Abercregan is a village in the community of Cymer and Glyncorrwg, in the Welsh county borough of Neath Port Talbot, Glamorgan. It is situated around 12 km north-east of Port Talbot and just west of Cymmer, and is also close to the River Afan. Abercregan was once a thriving mining community but since the decline of the British coal industry, much of the housing has been demolished and most of its inhabitants have moved to neighbouring villages. The 1980s and 1990s saw the closure of the village school, the boys club, post office and the last remaining shop 1989. The local authority decided to turn the school into a Field Study Centre, which was later closed and relocated to Margam Park. The building was demolished following the closure.

Now a small village of around 30 houses, Abercregan is in surroundings which have returned to their former pre-industrial rural condition. Abercregan is within the boundaries of the Afan Forest Park which is a joint venture between Forest Enterprise and local businesses which provide for and promote green tourism in the area. Following campaigning by local residents, Abercregan is now home to the only designated village green in the Neath Port Talbot area.
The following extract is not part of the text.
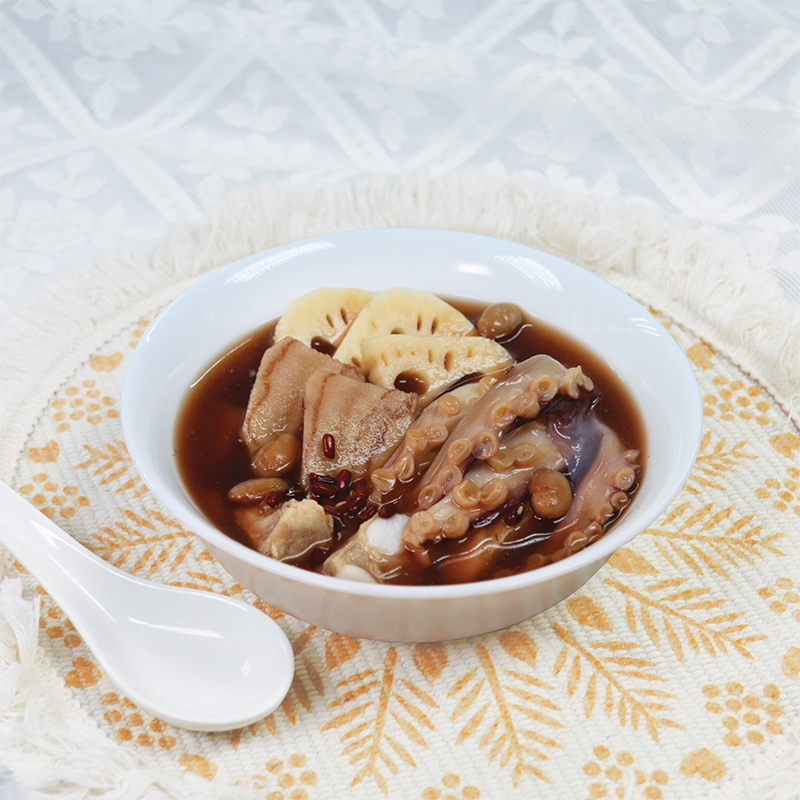 成份 : 水、粉葛、蓮藕、豬軟骨、赤小豆、章魚、扁豆、鹽

Abercregan United Football Club, is nicknamed 'The Shire'. The nickname was bestowed on the club by local celebrity Matthew ‘Joe’ Pitman and is a reference to the shire in Lord Of The Rings which he thought resembled the village. The club has a proud history winning many league titles and cups since its formation. The club folded at the end of the 2016–17 season but have since reformed and currently play in the Port Talbot and District Football League. Home matches were originally played on the Riverside Ground in Abercregan which was condemned by the local council in 2006. Home games are now played at the Red Field in Cymmer.

The former football changing rooms in Abercregan, which had previously been the village chapel, was purchased and is now being used as a place of worship again by the Afan Christian Fellowship.